According to Brightline, 50 million annual trips are made between Las Vegas and Southern California. Since Amtrak’s Desert Wind was discontinued on May 10, 1997, several ventures have proposed tapping the market over the existing Union Pacific-BNSF Railway trackage, but all efforts have failed to advance.

Trains News Wire will follow future developments as they occur.

11 thoughts on “Brightline eyes Las Vegas-LA route

  1. I believe it was Winston Churchill that said; “The United States can always be relied upon to do the right thing — having first exhausted all possible alternatives.” I feel that high speed rail on iron has no future. Perhaps it is time to move aloft and give Mag-Lev a chance. We need to move past barriers, Environmental, NIMBY, etc. Chinese and Japanese people are whisked about their country at blazing speeds. Mostly using technology developed in this country. I remember in the early 90’s companies giving up on High Speed Rail. Most agreed Mag-Lev was the way to go. Perhaps Elon Musk’s underground Hyperloop is the answer. Either way it is time to move-on rather than sit in our private autos moving at 7.5mph as reported on the news this past Labor day via the I-15 South out of Las Vegas.

  2. I agree with Paul Harrison. AAF is running over the Florida East Coast, which is a good, solid, class one railroad. BNSF and UP both know FEC and dealt with them before.

  3. I agree with the criticism of the Western terminus here, but it’s worth pointing out that that was XpressWest’s decision, not AAF’s (I believe it’s AAF buying this despite media fixation on the Brightline brand, Brightline is the name of their Florida passenger service), and AAF almost certainly has its own ideas about how this should run, and, given their experience, probably will be taken more seriously by UP or BNSF if they proposed to use their lines for some of the journey. I wouldn’t assume the Western terminus will be in Victorville at this stage.

  4. So, it seems that you need to start somewhere. You can’t build all of it at once so would you prefer they start in L.A. and build to Victorville? You seem to be missing the part of building from Las Vegas – TO – L.A. It’s not a video game where you click and point and poof it’s done.

  5. David Wire,

    There’s something wrong with your math, and it’s in the drive time from the Los Angeles basin to Las Vegas, especially on weekends. It’s roughly 270 miles between the 2 cities, and even at 70 miles per hour you’re looking at almost 4 hours, only I15 is a mess and you can’t make it in 4 hours, the normal drive is more around 5. Then you have to contend with all the accidents on I15(and there are a lot of them). So tell me, if you could drive to Victorville or Palmdale, leave your vehicle there, take a 2(two) hour train ride right to the Las Vegas Strip(remember, almost no one drives once they reach Vegas)…which would you choose…besides flying, if the price was competitive(you have to include fuel and food for the drive). Did I mention the horrendous traffic jams that form on I15 sometimes(when there’s an accident).

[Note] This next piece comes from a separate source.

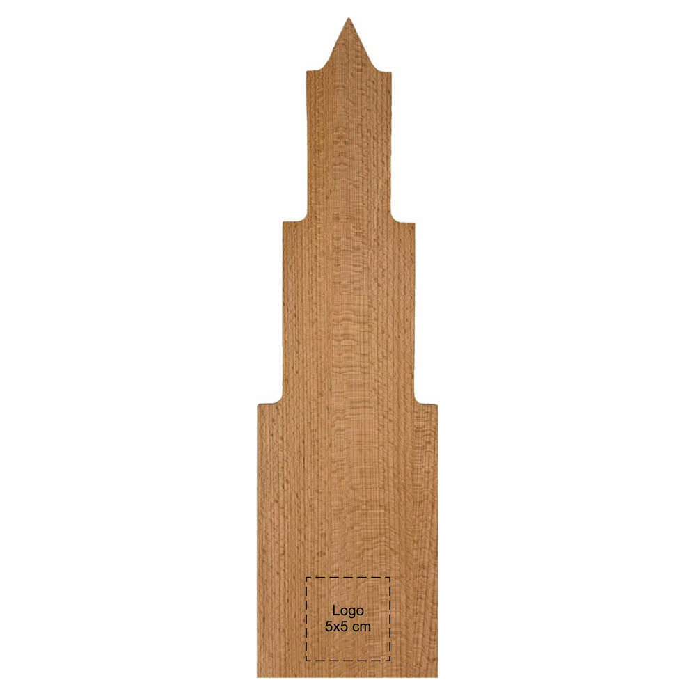 Een borrelplank in de vorm van de Utrechtse domtoren is een echte eyecatcher voor iedere borrel of feestje. Deze borrelplank is gemaakt van hoogwaardig beukenhout en heeft een afmeting van 55 bij 12 cm. Het unieke ontwerp van deze borrelplank maakt het een perfect cadeau voor iedereen die houdt van de stad Utrecht en gezelligheid.

  6. Brightline Just use SCRRA trackage north from LAUPT to Palmdale then you can use your own right of way to Vegas.. As stated below it’s pointless to start the journey at Palmdale or Victorville…

  7. If Brightline were to use their same Siemens trainsets as in Florida, how long would it take for them to go from Victorville to LA’s Union Station, and would that be competitive with driving? I agree that they will struggle if they really think people will drive to Victorville and then pay for a train ticket.

  8. This “low hanging fruit” of a route has been there for decades for Amtrak to seize as an opportunity. Good to see an operator with vision take a look.

  9. Except that, like all the former proposals, they don’t answer the question: Since 99% of the market would have to drive themselves to Victorville, why on earth would they park the car and get on a train when they could just keep driving, be there nearly as fast, and have the car for their use in Las Vegas?

    The worst part of the drive is getting to Victorville, at which point, from my house, at least, you’re halfway to Vegas already. A high speed train from downtown LA or even some place like Anaheim might get enough traffic to work, but not Victorville.